Preparing helicopter crews for the demanding and stressful operations of specialized missions has long posed a challenge for commercial and government operators. The high costs of training, complicated by the limited availability of experienced instructors and aircraft, have put a noticeable strain on the development of ab initio air ambulance, search-and-rescue (SAR) and other special-mission aircrews.
“Many recognize there is a current gap in our profession,” said Brad Matheson, president of Priority 1 Air Rescue (P1AR). “There is a need to change the dynamics of training from traditional live flight only to a more graduated and systematic approach with simulation that is actually more cost-effective. Rear-crew training should have the same focus as the cockpit, and that includes the use of synthetic training as well as live flight.”
Over 20 years, P1AR has established a reputation among law enforcement, SAR and other emergency services as an innovative one-stop shop for aircrew training. The company is known for developing comprehensive programs based on industry best practices, tailored to customer missions and aircraft. Plus, it has an expertise in rear-crew operations that few can match.
“We train the mission. Our specialty is whole crew training, but more rear-crew centric,” explained Matheson. “It is a very specialized field, and it takes a commitment of time and money to get people up to a standard where they are capable of conducting those missions safely.”
The USCG contract is for ab initio to advanced-level, instructor-led hoist operator training for flight mechanics on the Airbus MH-65D/E and Sikorsky MH-60T helicopters. It is illustrative of the scope and savings P1AR can provide.
The five-year program will see up to 500 ab initio flight mechanics attend its academy in Mesa for ground school instruction and training on a hoist procedural tower and in a simulator. P1AR developed the customized courseware, an e-learning platform, hoist tower, synthetic environments (including night-vision-goggle operations) and examination processes.
“Once they leave our academy, they do their operational flight testing and then are in service,” said Matheson. “The synthetic training is increasing capability and saving services like the USCG and CBP-AMO time, money and resources to get their crews mission-ready.”
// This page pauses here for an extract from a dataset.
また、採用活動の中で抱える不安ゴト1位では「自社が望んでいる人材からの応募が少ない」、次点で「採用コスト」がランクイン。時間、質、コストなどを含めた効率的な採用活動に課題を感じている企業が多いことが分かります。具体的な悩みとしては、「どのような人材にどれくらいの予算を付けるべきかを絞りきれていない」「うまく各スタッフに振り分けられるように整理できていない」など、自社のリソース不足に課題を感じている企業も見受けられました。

P1AR weighed the merits of acquiring and operating its own aircraft but saw the limitations of a single airframe. Matheson said hoist procedural towers and virtual simulators can be reconfigured to match any type of customer’s aircraft, including the positioning of the cabin door, hoist, seats and other equipment.
“Training needs to be completely realistic. We focus on perfecting our methods and technology to improve the student learning process and increase their safety and capability to conduct the mission.”
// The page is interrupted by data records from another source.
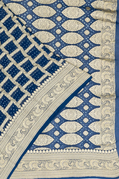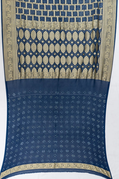 Banarasi Georgette Checks And Bandhani Dark Blue Saree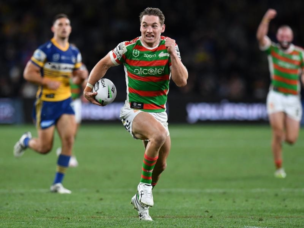 Full of steam, Souths landed on the Eels line, with Gutherson bobbling a grubber-kick from Damien Cook just enough for Bayley Sironen to ground the ball.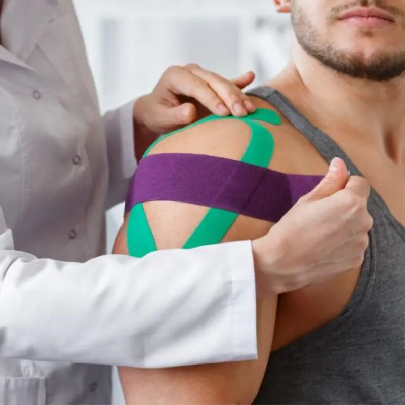 trabalhamos com a fisioterapia traumato-ortopédica, Neurofuncional e Cardiorrespiratória, liberação miofascial e aplicação de kinésio Tape.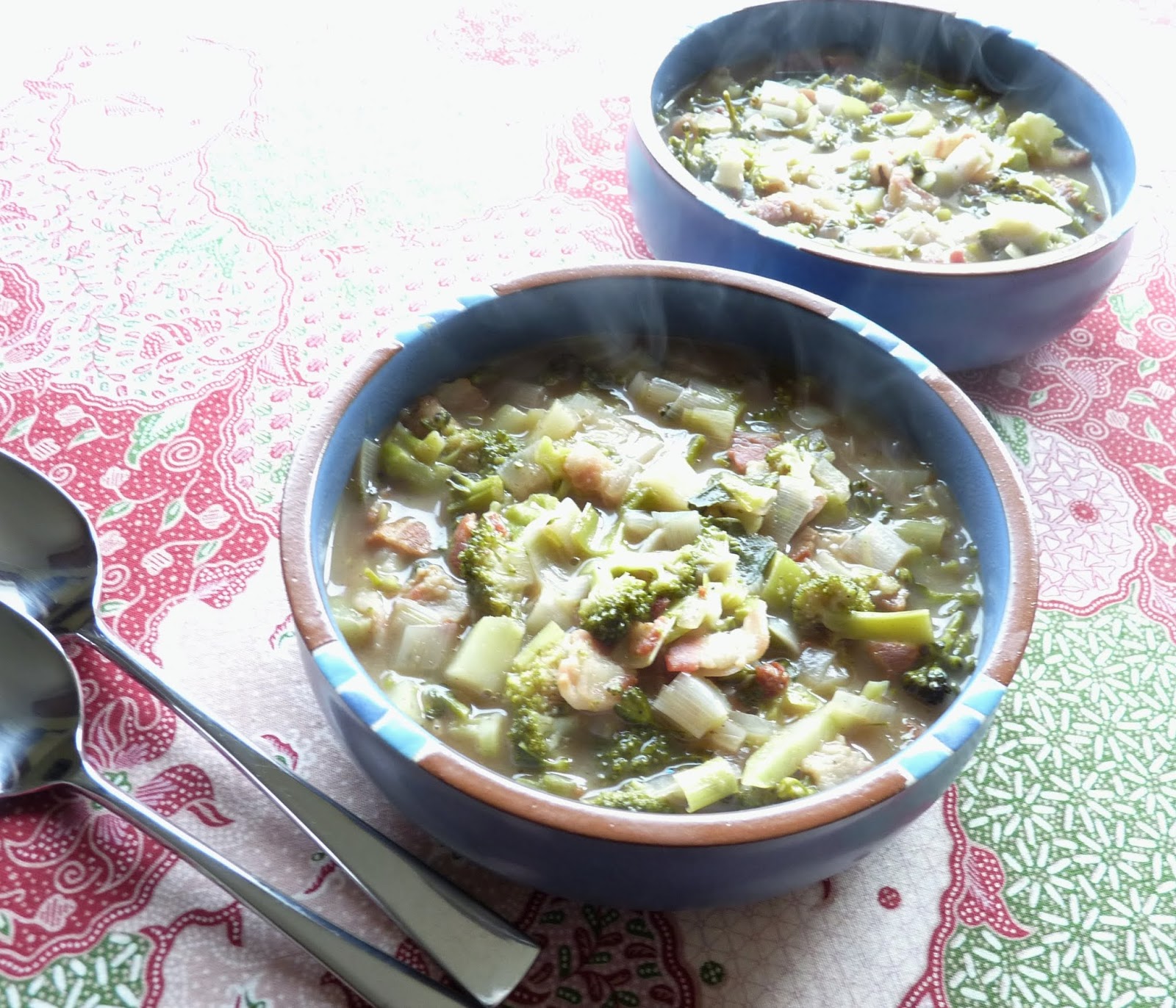 Leeks and bacon are a classic combination and broccoli works well with them too. Leeks are so sweet and agreeable they get along with everything, really. Toasted barley as my favourite soup thickener, and a little vinegar and Worcestershire sauce to sharpen it up, and it's a sturdy, filling soup for chilly fall days. It will need a little something on the side, though, as these are not huge servings. We had ours with a grilled cheese sandwich and were very happy campers.

In a nod to the military adage, train like you fight, P1AR uses the synthetic environment to recreate the customer’s operating environment. However, it can also practice emergency procedures, from single-engine failure, cable entanglement shear, pendulum and spins, to scenarios that require fast decisions for the rear crew under extreme pressure. That attention to detail, wrote one recent USCG graduate, helped save two lives during a SAR incident.
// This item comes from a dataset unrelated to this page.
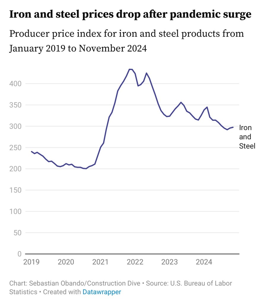 Bryan Ehrlich, President of NCE General Contractors, noted that such increases could reverse recent trends of declining steel prices, adding strain to already tight project budgets.

While training may be the company’s backbone, many of those capabilities transfer readily to operational SAR/helicopter emergency medical service programs. In 2017, Era Group was recognized by Helicopter Association International for its advanced use of helicopters in air medical transport, responding to emergency calls in the Gulf of Mexico. P1AR is an instrumental partner in that commercial service, providing complete rear-crew capability, from the paramedics and hoist operators to the equipment, air ambulance licensing and medical oversight.
“We are also practitioners,” said Matheson. “The Era program is a world-class, full SAR service. For us, it was meeting the specific operational requirements in one comprehensive package. More and more international operators are seeking that level of turnkey solution and full-service partner.”